While those solutions have been discussed publicly in previous weeks, they risk being seen as either tinkering around the edges or violating European Union law that bans monetary financing.
Convincing the Governing Council that some or all of those tweaks to QE rules may be needed, might be complicated. Some members advocate delaying the decision until next month, people familiar with the matter said in late November.
Negotiating a broad-based agreement that significantly more stimulus is warranted could be even more difficult, particularly if the chief risks are seen as political.
The U.K.’s vote to leave the EU, Donald Trump’s victory in the U.S. presidential election, Italy’s rejection of constitutional reform in a referendum that brought down the prime minister, and looming elections in the Netherlands, Germany and France have all been cited as reason to fret about the economic outlook.
“The idea that central banks can fight the sources of financial and sovereign-debt crises, globalization fears or increasing populism with cheap money is dangerous,” Bundesbank President Jens Weidmann said in a speech on Monday. “If the central bank continuously steps into the breach of politics or even tries to influence democratic processes, that would result in a politicization endangering its independence.”

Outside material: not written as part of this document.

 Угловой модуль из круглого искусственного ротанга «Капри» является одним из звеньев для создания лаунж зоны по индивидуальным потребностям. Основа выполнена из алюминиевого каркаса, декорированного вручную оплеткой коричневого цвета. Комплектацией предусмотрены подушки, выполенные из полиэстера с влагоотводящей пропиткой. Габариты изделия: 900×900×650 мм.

One compromise could be to extend QE but cut the pace of monthly purchases. Draghi hinted at the option in an interview with Spanish newspaper El Pais, when he said the ECB can provide appropriate support “by different combinations of instruments, for instance the amount of monthly purchases or the length of time over which they take place.”
Given the level of anticipation, that may be a hard message to get across.
“There are always risks with these meetings that things don’t go as expected,” said Joerg Kraemer, chief economist at Commerzbank in Frankfurt. “Setting a lower purchase volume could give the impression of the beginning of the end. Amid so much market volatility and the aftermath of the Italian referendum, I doubt the ECB would want to send that kind of signal.”
Kraemer’s comments reflect another risk -- that by repeatedly saying the euro-area recovery is reliant on continued monetary stimulus, Draghi and his closest colleagues have already raised expectations too high.
It wouldn’t be the first time. Prior to the December 2015 meeting, Draghi said in a speech that officials would “do what we must to raise inflation as quickly as possible,” just as ECB chief economist Peter Praet warned that the institution’s credibility would be damaged if its policies didn’t start showing effects.
Investors read into that a larger scale of easing than was actually delivered, sending the euro up by the most in six years, and highlighting the difficulty in calibrating guidance to market participants who hang on the ECB chief’s every word.
Updated economic forecasts to be published on Thursday, including a first outlook for 2019, may suggest less stimulus is sufficient to carry the region through its fragile recovery and return inflation to just under 2 percent. Economic growth was driven by household and government consumption in the third quarter, Eurostat said Tuesday, confirming a previously reported 0.3 percent rate of expansion.
“We have quite good economic data and the ECB should spin on it -- they should sell it as what they have done had an impact,” said Anatoli Annenkov, senior economist at Societe Generale SA in London. “There is plenty of risk for a communication mistake.”